Exercise directions —
Whatever lies between the line with "Have a blast" and the end of the data, both included, must be copied exactly and without pictures.

Source material —
**********
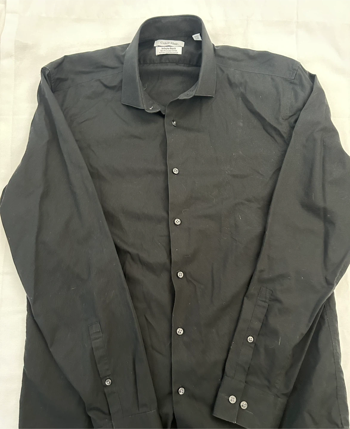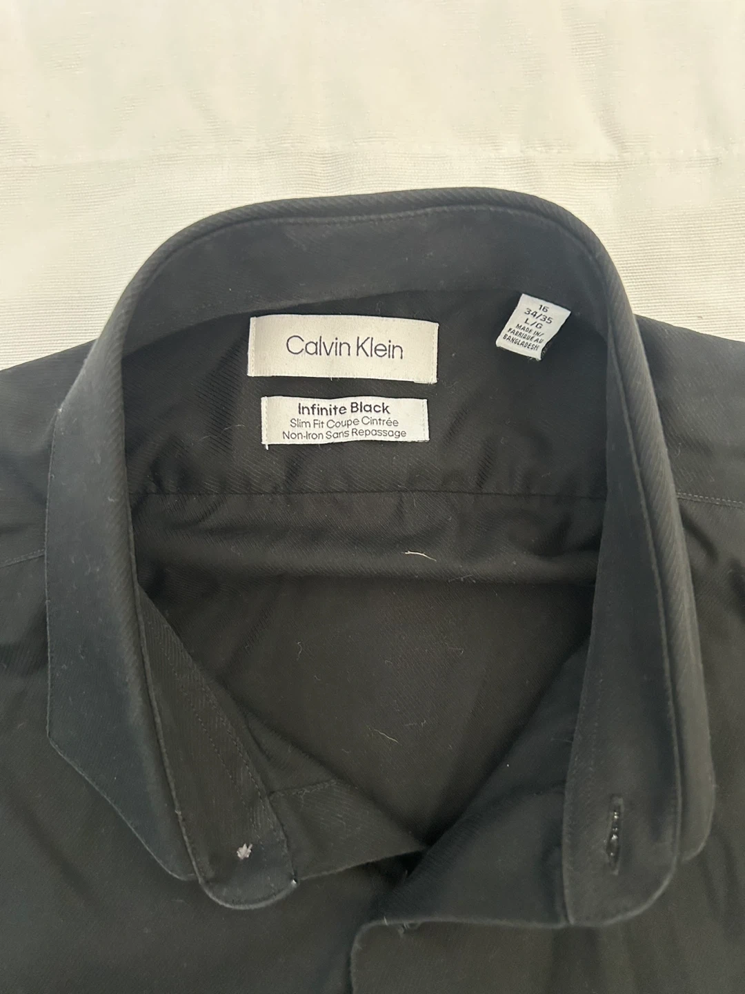 Selling a Calvin Klein Infinite Black dress shirt in size 16 or 34/35. It's a slim fit and non-iron, making it super easy to care for. A classic addition to any wardrobe!
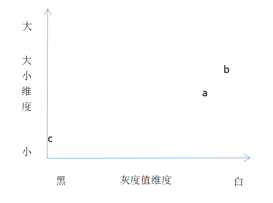 Shepard(1962)的心理距离方式将概念表征为心理空间中的点,概念表征之间的相似性就是它们在心理空间的距离,这种方式类似于空间坐标系。当距离越近,表示两个概念越相似,反之则越不相似。使用下面例子简单说一下这类型相似性的思想。图28(a)中三个正方形具有两种对比属性,一种是灰度值,另外一种是大小。这两种属性构成了心理空间的两个维度(类似于坐标系的x轴和y轴)。从灰度值维度看,图(a)的灰度值与图(b)的灰度值接近,与图(c)的不接近;从大小维度看,图(a)与图(b)更接近,而图(c)的不接近。因此,图(a)与图(b)相似,而与图(c)不相似。在这个心理空间中,表现为图(a)与图(b)的距离更近(图(d))。
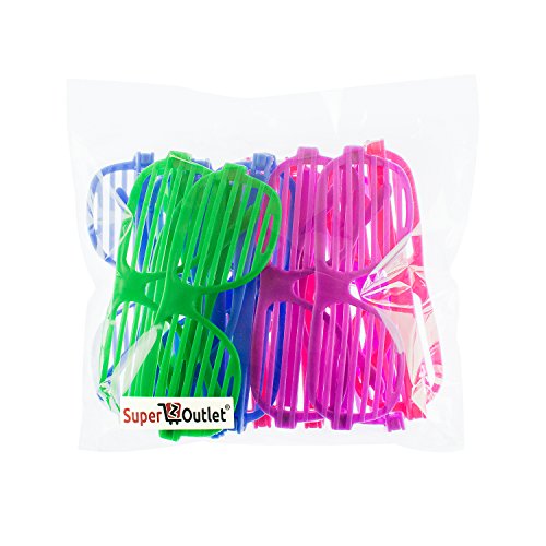 Have a blast from the past at your next summer party. This set of 12 style sunglasses make awesome party favors for your next 80s party. Assorted colors of purple, blue, pink and green. Fun for adults and children alike.Feature
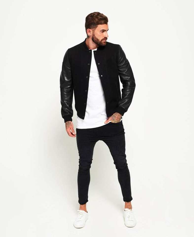 New Fashion Leather Varsity Jacket High Quality Waterproof Breathable Stand Collar Men Oversize Button Winter Jacket
**********
Completed exercise —
 Have a blast from the past at your next summer party. This set of 12 style sunglasses make awesome party favors for your next 80s party. Assorted colors of purple, blue, pink and green. Fun for adults and children alike.Feature
 New Fashion Leather Varsity Jacket High Quality Waterproof Breathable Stand Collar Men Oversize Button Winter Jacket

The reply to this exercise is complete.